What to produce: Your answer must consist of the records below, reproduced exactly, with every picture removed.

Records supplied:

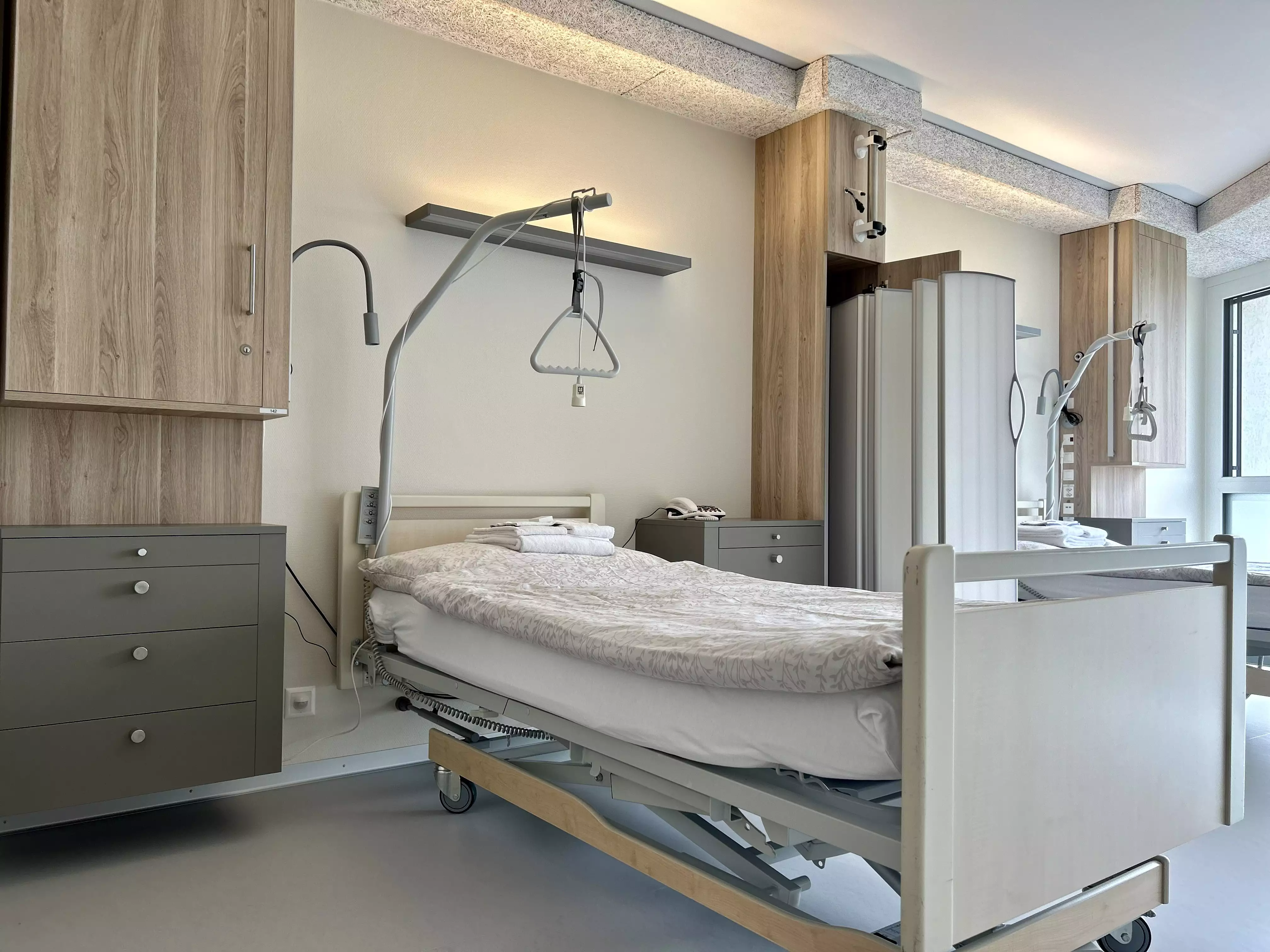Bei der Gestaltung behielten wir die allgemeine Ergonomie und die Optimierung des Raums im Auge. Unser Ziel war es, dass sich die Patienten während ihres dreiwöchigen Aufenthalts wie zu Hause fühlen. Die gewählte Einrichtung mit hochwertigen Möbeln entspricht den Krankenhausstandards und stellt gleichzeitig das Wohlbefinden unserer Patienten in den Vordergrund. Die verschiedenen Aufbewahrungssysteme sind angepasst und garantieren ein Höchstmaß an Privatsphäre, z. B. mit Betttrennwänden auf Rollen.
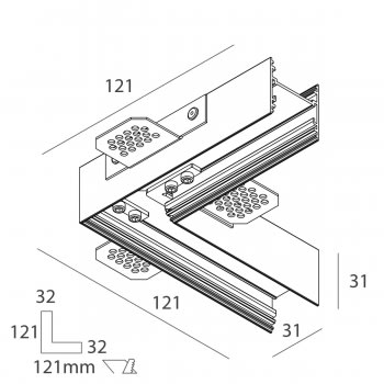 P-30 PCB: GIUNTO a L per cartongesso di spessore 12,5 mm kit di giunzione incluso. Profili di chiusura da ordinare a parte.
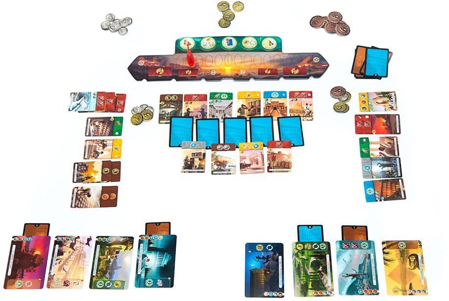 Нет «времени простоя». Цель состоит в том, чтобы разыграть эти карты в своем городе и построить чудо. У некоторых карт есть неотъемлемая стоимость, которую игроки должны оплачивать своими деньгами. Другие карты могут высвобождать или генерировать средства.
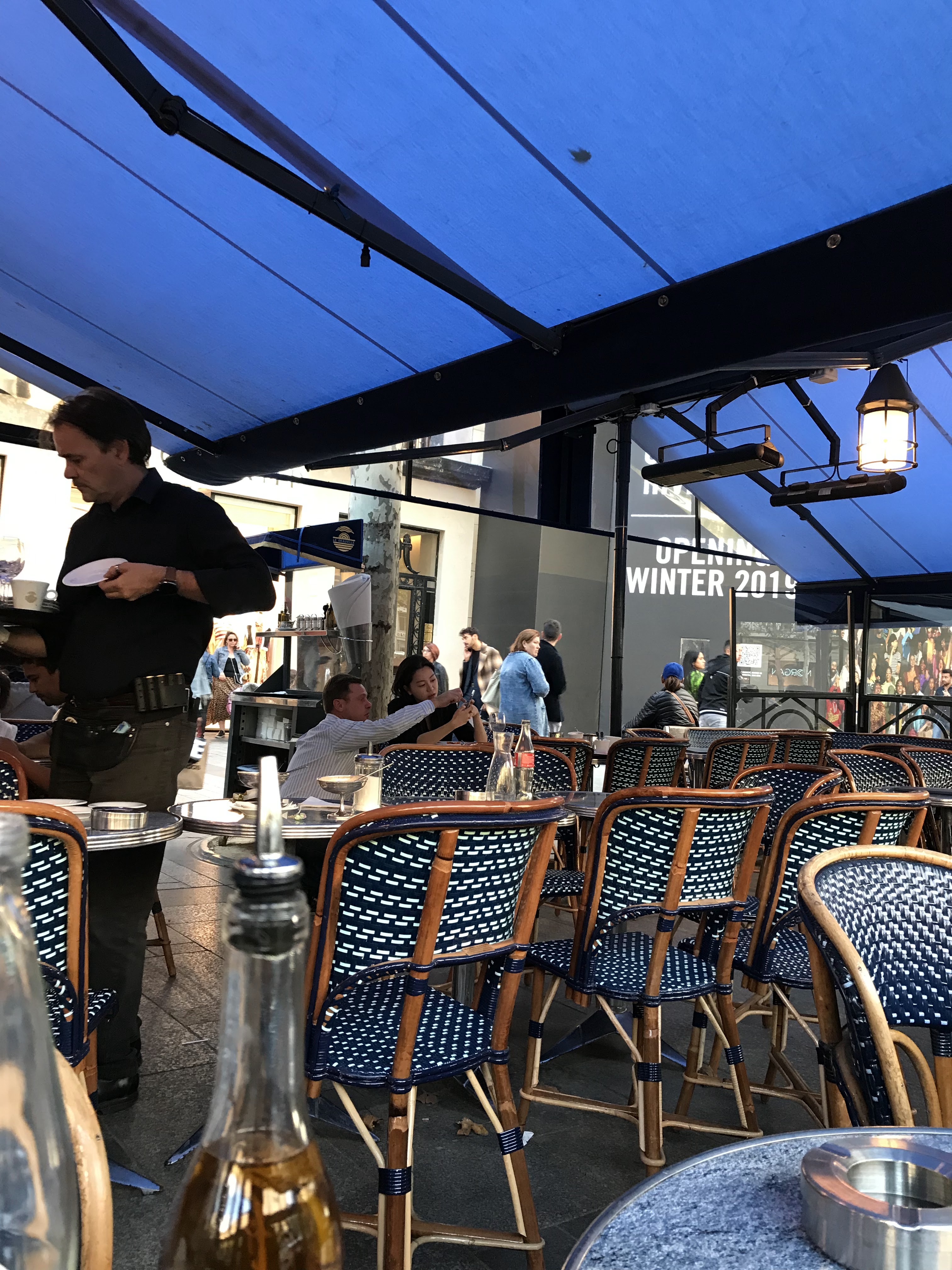 Un bel endroit, une cuisine de brasserie qui mériterait d'être un peu plus ambitieuse et de mieux sourcer ses produits. Indispensable quand on est sur les Champs. Et l'équipe de serveurs pêche par un excès de confiance, un peu d'humilité c'est bien aussi dans un métier de service ^^
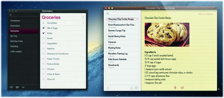 Programmet synkroniserer med de tilsvarende note-apps på iPhone og iPad. Men hvad mange ikke umiddelbart bemærker, når de bruger note-programmet i Mountain Lion er, at de kan tage notater ud af selve note-programmet og klæbe dem fast på skærmen.
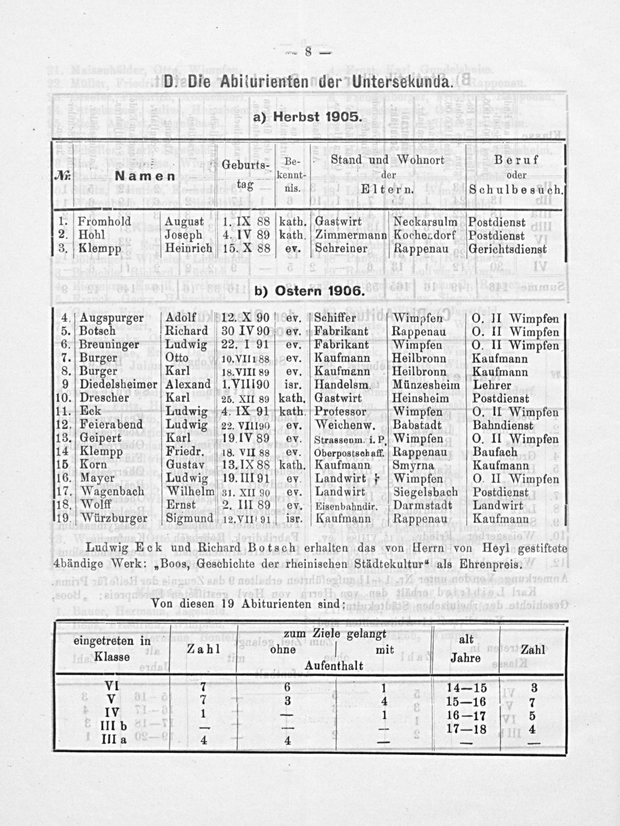 4. Augspurger Adolf 12. X 90 ev. Schiffer Wimpfen O. II Wimpfen 5. Botsch Richard 30 IV90 ev. Fabrikant Rappenau O. II Wimpfen 6. Breuninger Ludwig 22. 1 91 ev. Fabrikant Wimpfen O. II Wimpfen 7. Burger Otto V 10. VIIISS ev. Kaufmann Heilbronn Kaufmann 8. Burger Karl 1s. VIIIS9 ev. Kaufmann Heilbronn Kaufmann 9 Diedelsheimer Alexand 1. VIII90 isr. Handelsm. Münzesheim Lehrer 10. Drescher Karl 25. XII 89 kath. Gastwirt Heinsheim Postdienst 11. Eck Ludwig 4. IX 91 kath. Professor Wimpfen O. II Wimpfen 12, Feierabend Ludwig 22. VIII90 ev. Weichenw. Babstadt Bahndienst 13. Geipert Karl 19.IV 89 ev. Strassenm. i. P. Wimpfen O. II Wimpfen 14 Klempp Friedr. 18. VII SSs ev. Oberpostschaff. Rappenau Baufach 15 Korn Gustav 13.IX 88 kath. Kaufmann Smyrna Kaufmann 16. Mayer Ludwig 19. III91 ev. Landwirt y Wimpfen 0. II Wimpfen 17. Wagenbach Wilhelm 31. XII 90 mev. Landwirt Siegelsbach Postdienst 18. Wolff Ernst 2. III 89 ev. Eisenbahndir. Darmstadt Landwirt 19. Würzburger Sigmund 12. VII 91isr. Kaufmann Rappenau Kaufmann

Response to this task:
Bei der Gestaltung behielten wir die allgemeine Ergonomie und die Optimierung des Raums im Auge. Unser Ziel war es, dass sich die Patienten während ihres dreiwöchigen Aufenthalts wie zu Hause fühlen. Die gewählte Einrichtung mit hochwertigen Möbeln entspricht den Krankenhausstandards und stellt gleichzeitig das Wohlbefinden unserer Patienten in den Vordergrund. Die verschiedenen Aufbewahrungssysteme sind angepasst und garantieren ein Höchstmaß an Privatsphäre, z. B. mit Betttrennwänden auf Rollen.
 P-30 PCB: GIUNTO a L per cartongesso di spessore 12,5 mm kit di giunzione incluso. Profili di chiusura da ordinare a parte.
 Нет «времени простоя». Цель состоит в том, чтобы разыграть эти карты в своем городе и построить чудо. У некоторых карт есть неотъемлемая стоимость, которую игроки должны оплачивать своими деньгами. Другие карты могут высвобождать или генерировать средства.
 Un bel endroit, une cuisine de brasserie qui mériterait d'être un peu plus ambitieuse et de mieux sourcer ses produits. Indispensable quand on est sur les Champs. Et l'équipe de serveurs pêche par un excès de confiance, un peu d'humilité c'est bien aussi dans un métier de service ^^
 Programmet synkroniserer med de tilsvarende note-apps på iPhone og iPad. Men hvad mange ikke umiddelbart bemærker, når de bruger note-programmet i Mountain Lion er, at de kan tage notater ud af selve note-programmet og klæbe dem fast på skærmen.
 4. Augspurger Adolf 12. X 90 ev. Schiffer Wimpfen O. II Wimpfen 5. Botsch Richard 30 IV90 ev. Fabrikant Rappenau O. II Wimpfen 6. Breuninger Ludwig 22. 1 91 ev. Fabrikant Wimpfen O. II Wimpfen 7. Burger Otto V 10. VIIISS ev. Kaufmann Heilbronn Kaufmann 8. Burger Karl 1s. VIIIS9 ev. Kaufmann Heilbronn Kaufmann 9 Diedelsheimer Alexand 1. VIII90 isr. Handelsm. Münzesheim Lehrer 10. Drescher Karl 25. XII 89 kath. Gastwirt Heinsheim Postdienst 11. Eck Ludwig 4. IX 91 kath. Professor Wimpfen O. II Wimpfen 12, Feierabend Ludwig 22. VIII90 ev. Weichenw. Babstadt Bahndienst 13. Geipert Karl 19.IV 89 ev. Strassenm. i. P. Wimpfen O. II Wimpfen 14 Klempp Friedr. 18. VII SSs ev. Oberpostschaff. Rappenau Baufach 15 Korn Gustav 13.IX 88 kath. Kaufmann Smyrna Kaufmann 16. Mayer Ludwig 19. III91 ev. Landwirt y Wimpfen 0. II Wimpfen 17. Wagenbach Wilhelm 31. XII 90 mev. Landwirt Siegelsbach Postdienst 18. Wolff Ernst 2. III 89 ev. Eisenbahndir. Darmstadt Landwirt 19. Würzburger Sigmund 12. VII 91isr. Kaufmann Rappenau Kaufmann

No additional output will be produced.